I may have overlooked some other, nobler goal. Perhaps the bar exam is a character-building exercise to determine how students react under pressure. I can answer that quite simply: Whenever I was faced with time pressure on the muti-state portion of the exam, I chose “B.” I figured I would get 20% of the guesses correct, assuming a random distribution of answers.

Where To From Here?

If there is no reasonable purpose served, or at least for which the benefits do not outweigh the enormous costs, then maybe we need to axe the exam altogether.

Again, eliminating the exam is not necessarily a bad idea: Maybe certain schools are of such good quality that most students from those schools can issue-spot and write effective essay exam answers. If true, this would, by implication, mean that the people who do not pass are not from these schools. But this does not support the need for a bar exam: It supports the argument that there should be no bar exam (at least for students hailing from these good law schools). In other words, because some law students are quality “outputs,” they should be exempted from taking the Bar, much like Wisconsin students are quality “outputs” and are thus exempted from taking the Wisconsin bar exam.

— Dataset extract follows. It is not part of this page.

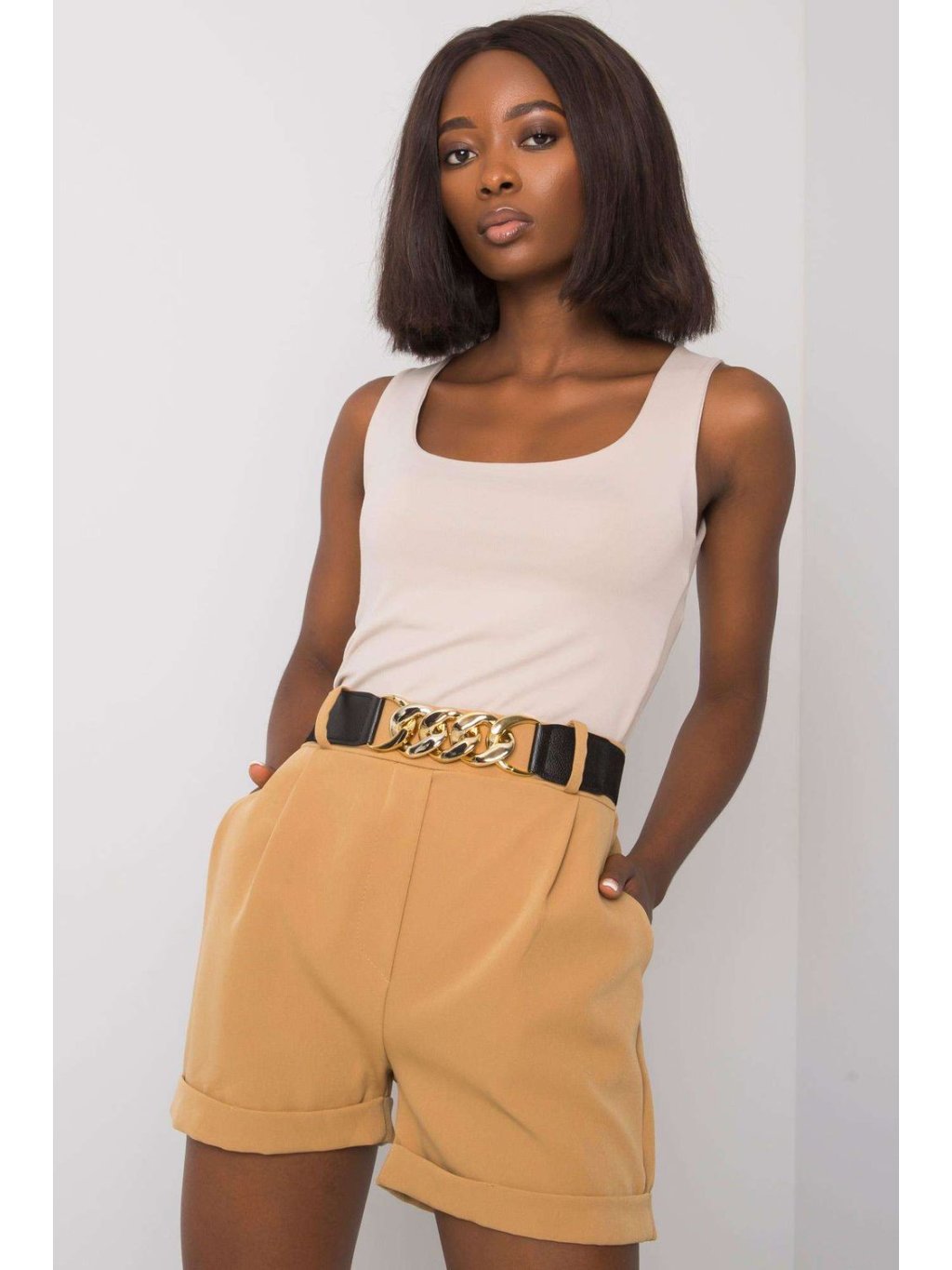 Dámské šortky s elastickým pasem, kapsy na zip. Šortky s ozdobným páskem. Skvěle se hodí pro mnoho stylů.

Another alternative is a one-day “performance” based test. Many states have implemented performance tests as an addendum to the essay and the multistate exam. But the performance test is given after two days of “essay” writing and multiple choice. Since these two elements appear to be pointless, a more efficient exam could be administered. It would also serve to perhaps lower the costs to budding attorneys, both in terms of lost income and fees paid to bar prep courses.

It is no answer to say that we have always done it this way (we haven’t) or that since we had to go through it, why shouldn’t the new applicants? Applicants shouldn’t be forced to endure the same pointless process as those endured by graduate students, pledges to fraternities, and new members of athletic teams.

Instead, the bar examination should fulfill some important purpose. Namely, it should determine which applicants are competent in the practice of law, and which are not. Given the unrealistic nature of the current examination, it cannot possibly fulfill that purpose. A single-day, performance-based exam without the useless essay and multiple-choice portions of the bar exam would be a better, more efficient screening device. This would allow bar prep employees to find more useful work other than the taking of bar examinations and reduce the excessive levels of anxiety and monetary costs to applicants forced to watch videotaped lectures from professors both living and dead.